Refusing to accept the company's attitude, Maha, in her 30s, said she
has filed a case with the Department of Labour, demanding 'coffin money'
from the company as well as a payment from a workers' welfare fund that
compensates in cases of the death of workers. As Guru, another survivor
noted angrily, the fund was created from the workers' contributions but
they were now being denied benefits. Maha said, even though
representatives of neither the company nor the committee overseeing the
welfare fund have not yet appeared before the labour inquiry, she would
not give up.
Corporate responsibility
More than a year after the landslide, Meeriyabedda also raises many
larger questions, including those related to corporate responsibility
and accountability of State and non-State agencies. More than anything
else, it underlines how for plantation communities in the up country
-historically disadvantaged by virtue of their ethno-national origins,
poverty and caste - development has unfolded largely as a sequel to a
disaster. Being part of an industry that accounts for such a significant
share of national exports and a central source of foreign exchange,
precious little had been done to change their status, among the poorest
communities in Sri Lanka.
In the face of the multiple crises, Jagan said giving their children
a good education was their best hope but saw no way of doing that in
Badulla.
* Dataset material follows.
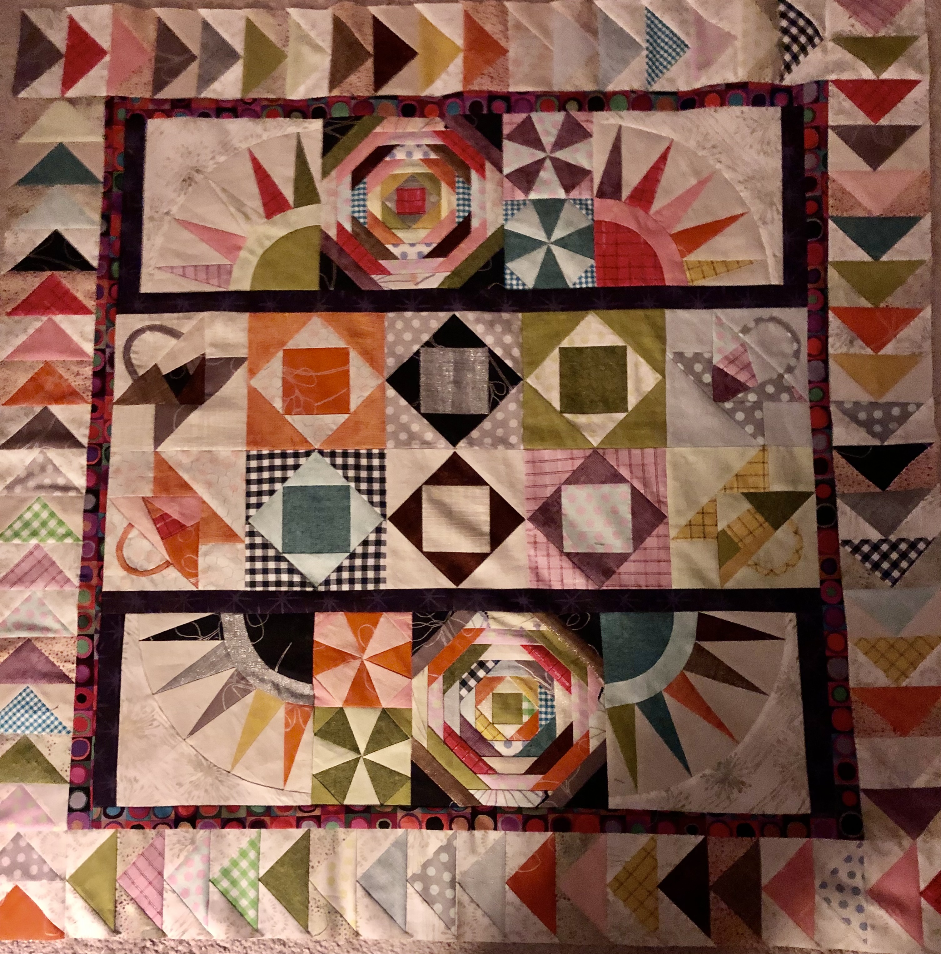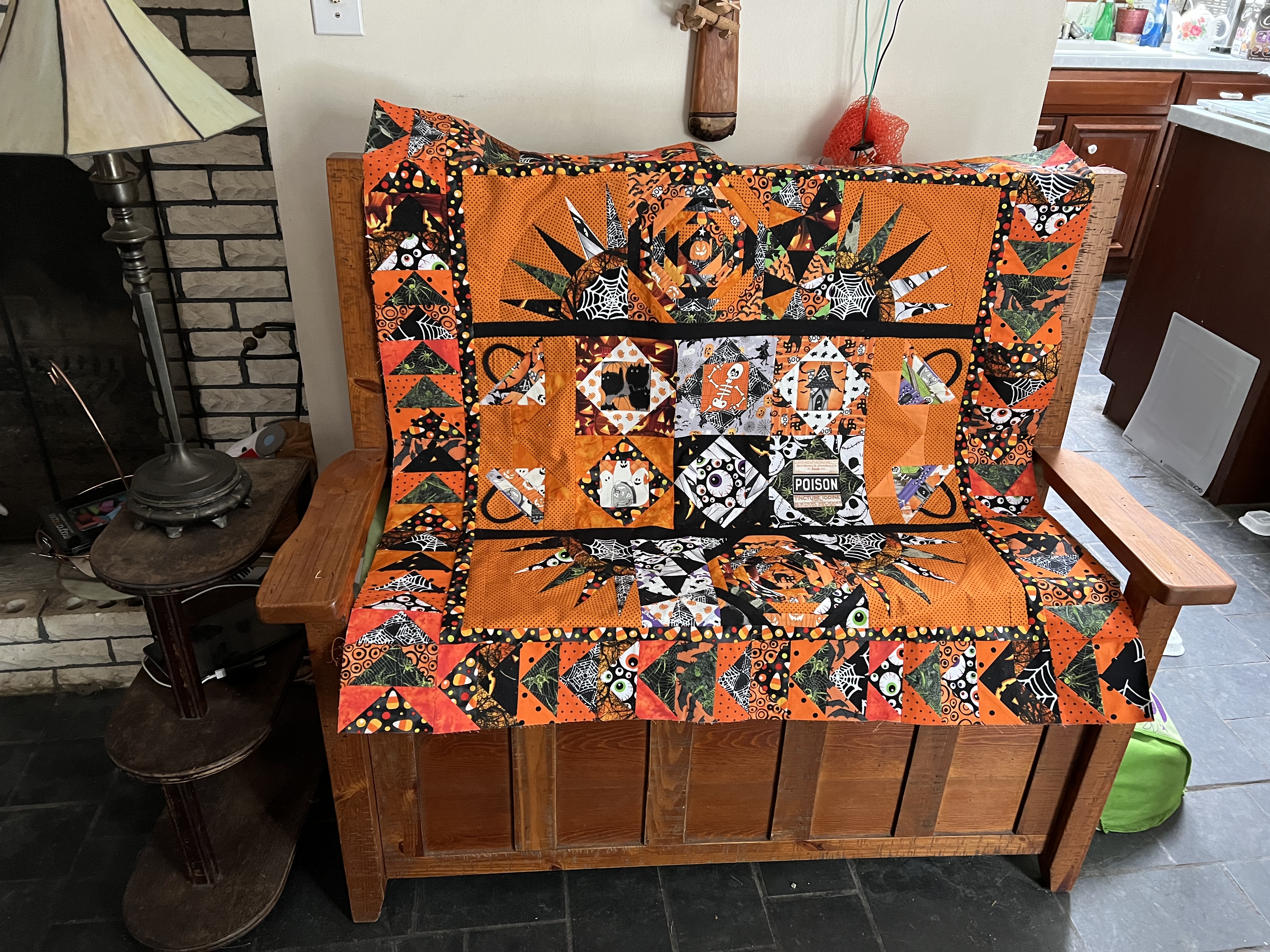 Well, here it is, the end of 2022, and I finally have finished my 2021 BOM quilt! I apologize that the photo is not centered....

A local school principal noted that the region remains very
poorly served in terms of education infrastructure but also that few
students can afford to stay in school beyond O/ L.
Thus, a combination of systemic exclusion and cascading
inter-generational disadvantage further marginalise a community long in
the grip of an extractive company-state and a parochial patronage-based
trade union politics.
Yet, as Murali asserted: "We are not going to just sit here and
wait." The collective spirit to fight for their rights and the
individual determination of people like Maha may offer the best hope yet
for the Merriyabedda survivors.
(All names have been changed to protect identities.)
About the author:
Vijay K Nagaraj is a member of the Collective for Economic
Democratisation and works with the Centre for Poverty Analysis (CEPA).